- What you will do -
Reproduce the full listing below unchanged, apart from the pictures.

- Dataset content -
■ ■ ■ ■

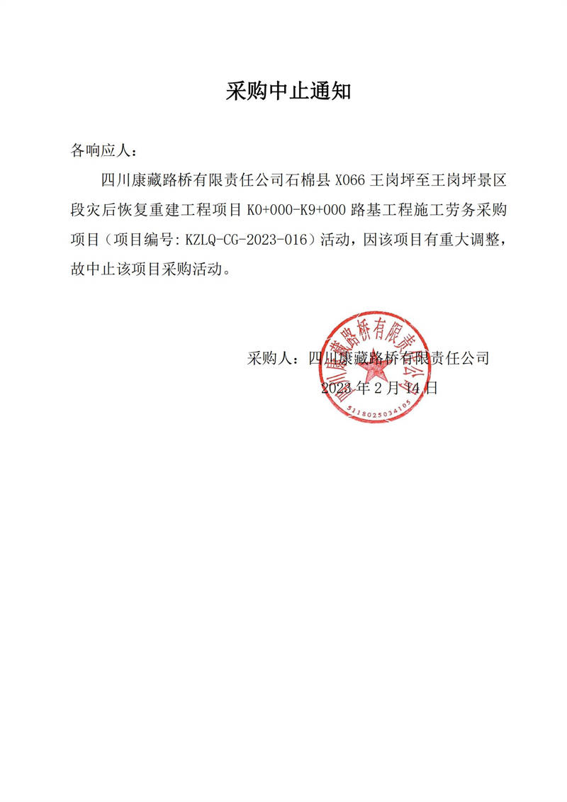 四川康藏路橋有限責(zé)任公司石棉縣X066王崗坪至王崗坪景區(qū)段災(zāi)后恢復(fù)重建工程項(xiàng)目K0+000-K9+000路基工程施工勞務(wù)采購中止公告
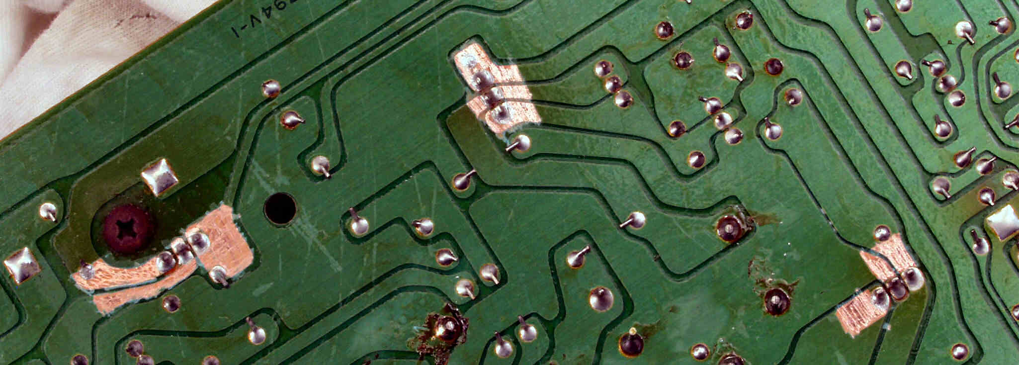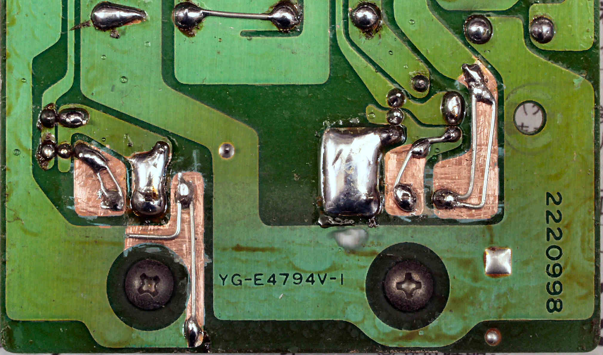 C833. 修理中 電源基板裏 さらに、錫メッキ線で補強する
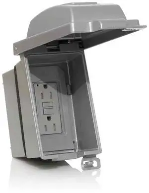 Leviton Vertical Weatherproof While-in-Use Cover GFCI Receptacle and Box Kit, IUM1V-KBG, Grey

■ ■ ■ ■

- Written solution -
 四川康藏路橋有限責(zé)任公司石棉縣X066王崗坪至王崗坪景區(qū)段災(zāi)后恢復(fù)重建工程項(xiàng)目K0+000-K9+000路基工程施工勞務(wù)采購中止公告
 C833. 修理中 電源基板裏 さらに、錫メッキ線で補強する
 Leviton Vertical Weatherproof While-in-Use Cover GFCI Receptacle and Box Kit, IUM1V-KBG, Grey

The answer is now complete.